This remarkable article is an abstract of GPFS ScaGPFS Scans 10 Billion Files in 43 Minutes, written by Richard Freitas, Joseph Slember, Wayne Sawdon and Lawrence Chiu, IBM Advanced Storage Laboratory IBM Almaden Research Center, San Jose, CA.
Disk capacity has improved immensely over the last fifty-seven years. This is exemplified by the chart of areal density vs. year of introduction shown below. The growth rate of areal density has varied from 25% to 100% over this period and is now at 25-40%. The maximum capacity of disk drives has tracked this growth in areal density through changes in form factors, disk diameters, media changes, head technologies, etc. It is unlikely to ever be 100% CAGR again, but the current rate will likely be supported for the next few years.
Areal density trend
Unfortunately, the performance of the disk drive is not keeping pace with the rate of performance improvement shown by business and HPC systems. The maximum sustained bandwidth (MB/s) and transaction rate (IO/s) have followed a different path. The bandwidth is roughly proportional to the linear density. So, if the growth in linear density and track density were equal, then one would expect the growth rate for linear density to be the square root of the areal density. That would make it about 20% CAGR. But, if you examine the recent history of maximum sustained disk bandwidth, you will see that it is more likely to fall within the range of 10 – 15%.
Generally, the track density has grown more quickly than the linear density. Currently a high performance disk drive would have a maximum sustained bandwidth of approximately 171 MB/s. The actual average bandwidth would depend on the workload and the location of data on the surface. Further, current projections do not show much change in this over the next few years.
Maximum sustained bandwidth trend
The disk transaction rate has an even more complicated story. The transaction rate is the inverse of the average access time. The access time is the sum of two components: the average disk latency time and the average disk seek time.
Average latency trend
The average disk latency is ½ the rotational time of the disk drive. As you can see from its recent history, shown in the figure above, the latency has settled down to three values 2, 3 and 4.1 milliseconds.
These are ½ the inverses of 15,000, 10,000 and 7,200 revolutions per minute (RPM), respectively.

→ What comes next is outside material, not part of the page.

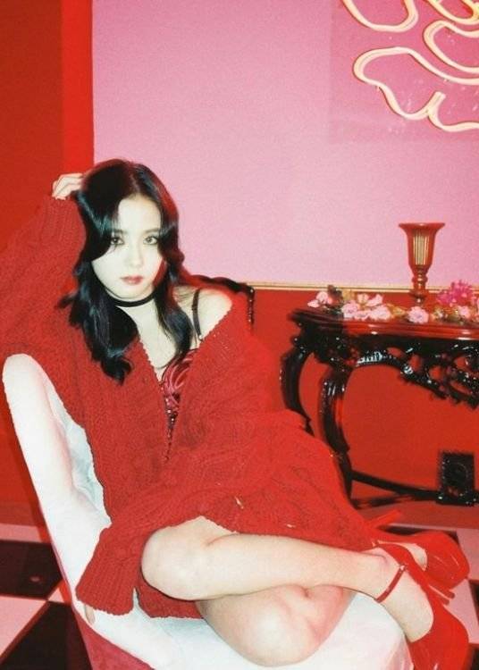 공개된 사진 속 지수는 키치하면서도 레트로한 분위기의 스튜디오에서 촬영에 임하는 모습. 빨간색 원피스와 카디건을 착용한 채 다양한 포즈로 매혹미를 발산하고 있다.

It is unlikely that there will be a disk rotational speed increase in the near future. In fact, the 15,000 RPM drive and perhaps the 10,000 RPM drive may disappear from the marketplace. A slower drive, such as one at 5,400 RPM, may appear in the enterprise space. If this reorganization of the disk rotational speed menu does occur, it will have been driven by the successful combination of solid state storage and slower disk drives into storage systems that provide the same or better performance, cost and power.
Average seek time trend
The recent history of disk seek time is shown above. The seek time is due to the mechanical motion of the head when it is moved from one track to another. It is improving by about 5% CAGR. In general, this is a mature technology and is not likely to change dramatically in the future. It seems to be trending toward values at around 2 ms for high performance disk drives.
The combination of slow growth in seek time and a near stand-still in rotational latency or even possible increase in average rotational latency, lead to the conclusion that the average access time for enterprise disks is not likely to be better than 3-4 milliseconds and that commercial disk drives (7,200 RPM) are not likely to be better than 6-8 milliseconds. Access times greater than this are quite possible.